### Task material

________________

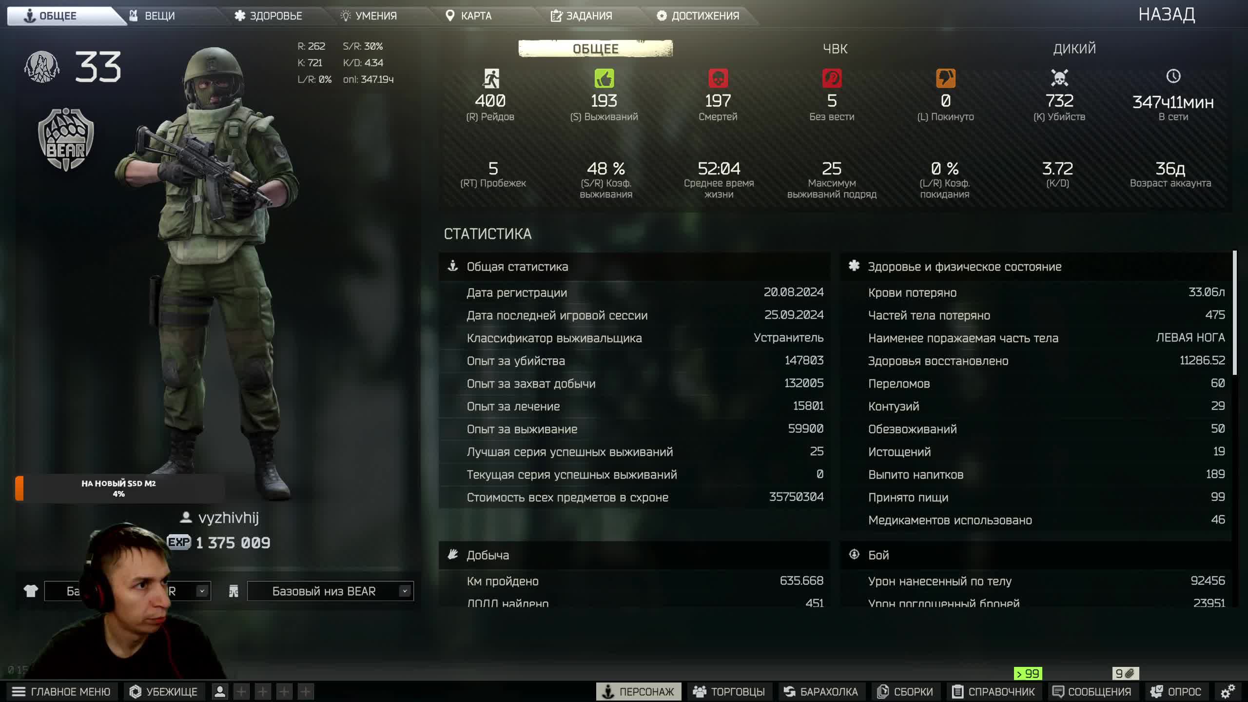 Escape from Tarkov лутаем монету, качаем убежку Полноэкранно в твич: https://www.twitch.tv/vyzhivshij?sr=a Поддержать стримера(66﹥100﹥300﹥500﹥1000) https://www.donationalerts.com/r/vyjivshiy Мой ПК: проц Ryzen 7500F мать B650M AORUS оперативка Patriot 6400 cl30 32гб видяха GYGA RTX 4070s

________________

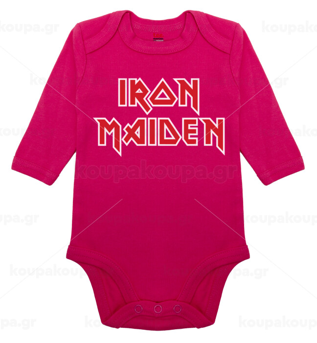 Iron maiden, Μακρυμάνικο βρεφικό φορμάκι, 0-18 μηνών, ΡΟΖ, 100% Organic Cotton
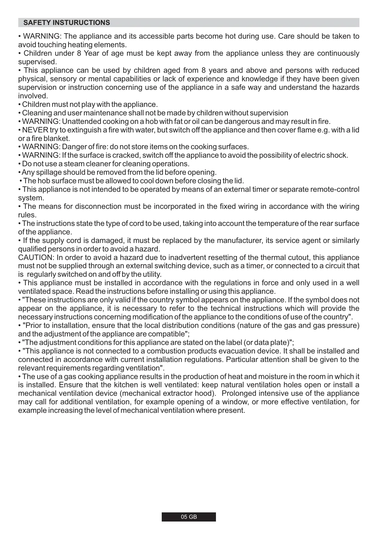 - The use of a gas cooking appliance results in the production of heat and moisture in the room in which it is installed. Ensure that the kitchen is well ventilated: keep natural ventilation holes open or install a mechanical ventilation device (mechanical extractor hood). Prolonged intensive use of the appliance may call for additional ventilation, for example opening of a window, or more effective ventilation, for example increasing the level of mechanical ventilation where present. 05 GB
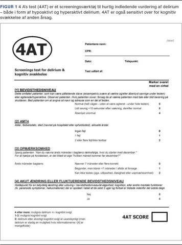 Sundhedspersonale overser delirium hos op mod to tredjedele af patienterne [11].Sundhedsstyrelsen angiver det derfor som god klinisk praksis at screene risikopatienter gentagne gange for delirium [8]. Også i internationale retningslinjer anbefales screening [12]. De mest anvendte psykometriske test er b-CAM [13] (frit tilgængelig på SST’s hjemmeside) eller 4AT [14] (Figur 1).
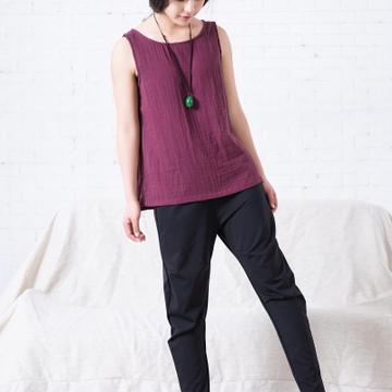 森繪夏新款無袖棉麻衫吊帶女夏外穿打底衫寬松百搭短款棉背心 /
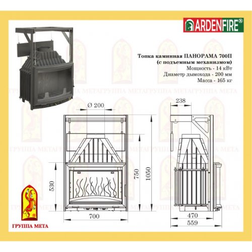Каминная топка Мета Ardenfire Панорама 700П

________________

### Activity
Both the line above containing "Sundhedspersonale overser delirium" and the line containing "Каминная топка Мета Ardenfire Панорама 700П" belong in the copy, along with every line between them; print these exactly and omit the pictures.

### Exercise solution
 Sundhedspersonale overser delirium hos op mod to tredjedele af patienterne [11].Sundhedsstyrelsen angiver det derfor som god klinisk praksis at screene risikopatienter gentagne gange for delirium [8]. Også i internationale retningslinjer anbefales screening [12]. De mest anvendte psykometriske test er b-CAM [13] (frit tilgængelig på SST’s hjemmeside) eller 4AT [14] (Figur 1).
 森繪夏新款無袖棉麻衫吊帶女夏外穿打底衫寬松百搭短款棉背心 /
Каминная топка Мета Ardenfire Панорама 700П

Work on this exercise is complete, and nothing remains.